*** Records for processing Section Begins ***

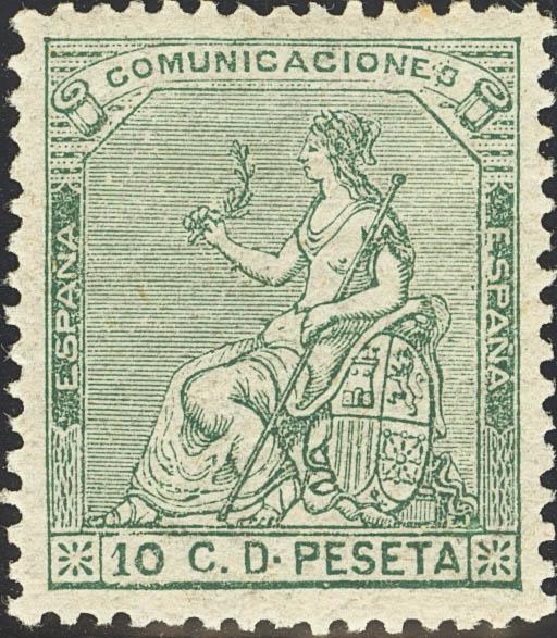 ★★ 133. 1873. 10 cts verde. Color intenso y bien centrado. PIEZA DE LUJO.
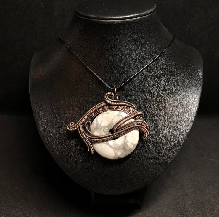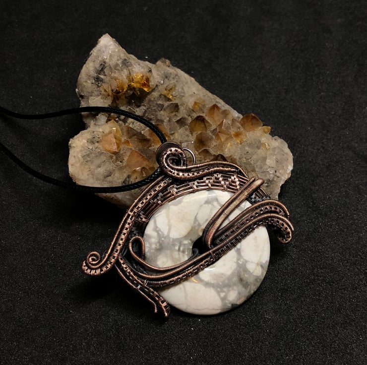 I have used a large natural Howlite GFemstone donut at the core of this complex pendant. Howlite is adored for bringing a sense of patience and calm to the wearer and enables the owner to slow down and move with ease through deep emotions and unrest.
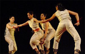 As this reviewer had just finished reading Maxine Hong Kingston’s path breaking work, The Woman Warrior, he was rewarded with a beautiful experience where the image of the warrior developed on the stage juxtaposed with that in the text. This is the peculiar strength of contemporary dance. Promising no closure of meanings, it permits you to freely draw from other experiences and synergize them to create a new one for yourself. The retelling of A K Ramanujan’s “The Wall” was poignantly done using a diaphanous blue cloth that acted both as a saree and as apparently weak (yet strong enough to weigh her down) patriarchal control. Interestingly, because of the way it was handled by Parijat, the widowed woman’s resorting to tell her story to the wall did not evoke pity as much as admiration for her conviction to speak at all. The interactive session at the end of the performance digressed into a discussion of the semantic limitations of terms like “fusion,” ”modern,” and “contemporary.” One wondered how sensible it is to weigh the relative merits of terms that have different frames of reference. While “fusion” refers to the nature of a work, “modern” and “contemporary” have temporal resonances. And the mindless use of the word “fusion” has eroded it of any positive sense at all and it has come to refer to a “mixture of things” as one member of the audience put it. However, just as the term suggests, fusion stands for a harmonious coming together of styles – a process at the end of which it is almost impossible to pick out the individual influences like distiches from a bad poem. In Parijat
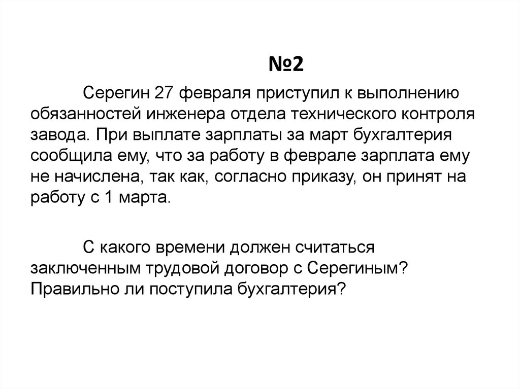 заключенным трудовой договор с Серегиным?
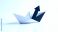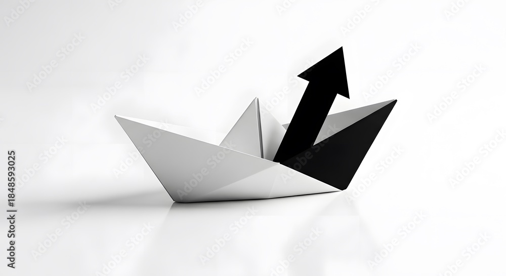 • paper boat sailing forward with black arrow showing direction and growth on white background representing business success and leadership
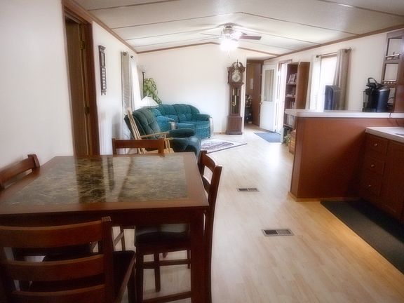 Country setting just minutes to city conveniences. This single wide offers new kitchen and living room flooring, new furnace, a 12x12 addition and detached 2 car garage with power on a private lot with seasonal views of No Name Pond.
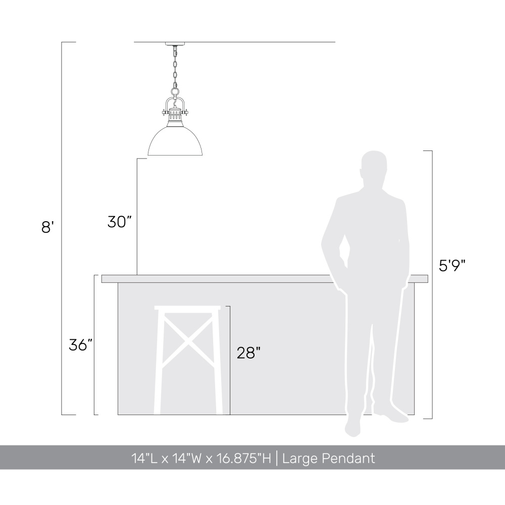 Bring Farmhouse elegance into your home with the Yep by Golden Lighting Duncan 1-light 14in Chain Hung Pendant. Featuring a metal shade and a polished chrome frame, it creates a welcoming atmosphere. The metal shade in Seafoam finish brings breezy, coastal charm to your space with its light, pastel blue-green color and highly reflective, high-gloss sheen. The brilliant polished chrome finish offers a crisp, clean look that elevates any space, seamlessly integrating into various decor styles. This pendant is damp location rated, making it suitable for covered and semi-enclosed spaces like bathrooms and covered porches. It’s sloped-ceiling compatible and features adjustable height, ranging from 19.875" to 91.875". Overall Dimensions are 14"W x 16.88"H x 14"D and it requires 1 E26 Medium base bulb (not included) with a maximum wattage of 100. Close with style and quality that elevate any room.
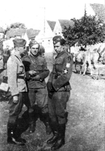 Oficerowie Brygady Świętokrzyskiej NSZ we Vsekarach (Czechy), maj 1945 r. Z prawej płk Antoni Szacki "Bohun", "Dąbrowski", dowódca Brygady, w środku mjr Leonard Zub – Zdanowicz "Ząb", z lewej mjr Stefan Marcinkowski "Poraj", "Poraj Karol", "Wronicz".
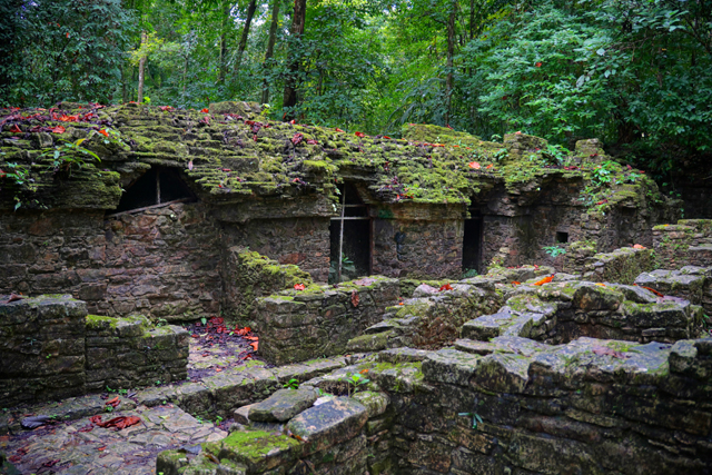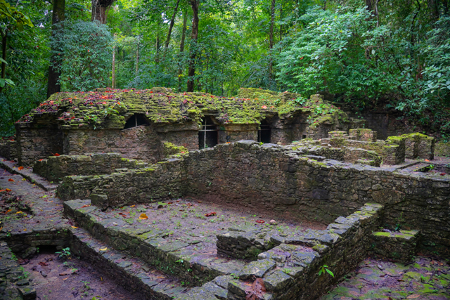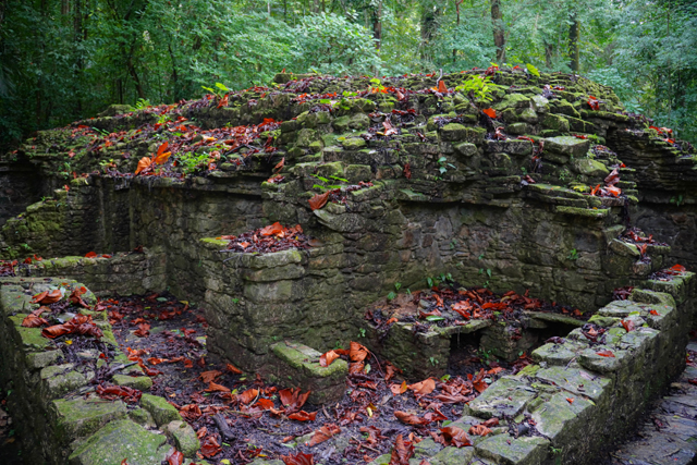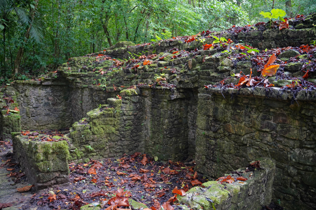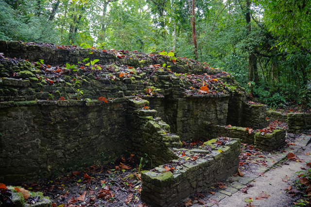 順著步道往前,裏頭有區更大的「Group B」,一對男女不知是剛來還是已逛完,就這麼於階頂坐望閒聊,不願離去。無從知曉原本的佈局,廣場周邊零散著小階台,民宅高低穿插,當中還藏了儀式用的蒸氣浴室。它們雖少了紅葉綴點,沒前一區幻美,綠意的色階流轉仍舊引人。某些視角尚有斷樹增添構圖變化,乍看像應和著免不了的散滅,分生的枝苗又推轉了輪迴,與殘屋攜手轉生。
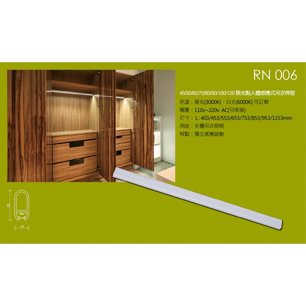 產品型號 RN006 無光點人體感應式吊衣桿燈
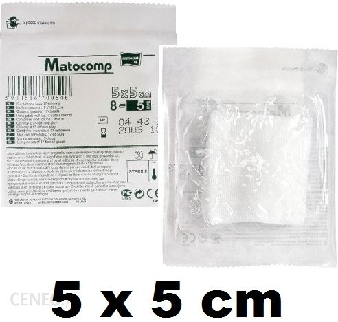 Kompresy z gazy Matocomp jałowe wykonane w 100% z gazy bawełnianej, stosowane do pochłaniania dużej ilości wilgoci i płynów ustrojowych w trakcie zabiegów i operacji. Najbardziej popularny produkt przy zmianie opatrunku.Dla kogo przeznaczony jest produkt?W praktyce lekarskiej:dla pielęgniarek i lekarzy wykonujących zabiegi diagnostyczne z udziałem płynów ustrojowych oraz krwi.W opiece długoterminowej:dla opiekunów do pochłaniania płynów, wilgoci i krwi przy zmianie opatrunku.W kosmetyce:dla kosmetyczek do celów higieniczno-kosmetycznych oraz do przemywania ciała po zabiegu.W domu:dla dorosłych i dzieci, do przemywania i opatrywania ran, skaleczeń i otarć oraz jako wkład chłonny zabezpieczający wilgotną ranę.Właściwości produktu:odpowiedni skręt nitki gwarantuje trwałość materiału oraz brak luźnych włókien na powierzchni kompresubielone bez użycia chloru, dzięki czemu są bezpieczne dla pacjenta, nie wywołują alergii oraz zapewniają wysoki poziom czystości chemicznejdla lepszego bezpieczeństwa brzegi składane do środka w sposób uniemożliwiający wysnucie luźnej nitki z kompresujałowe – sterylizowane parą wodnąbezpieczne opakowanie papierowo-foliowe

*** Records for processing Section Ends ***

# [Your objective]
Please quote exactly the run of lines that starts the entries and ends at the line containing "I have used", leaving out every picture.

# [Solved exercise]
 ★★ 133. 1873. 10 cts verde. Color intenso y bien centrado. PIEZA DE LUJO.
 I have used a large natural Howlite GFemstone donut at the core of this complex pendant. Howlite is adored for bringing a sense of patience and calm to the wearer and enables the owner to slow down and move with ease through deep emotions and unrest.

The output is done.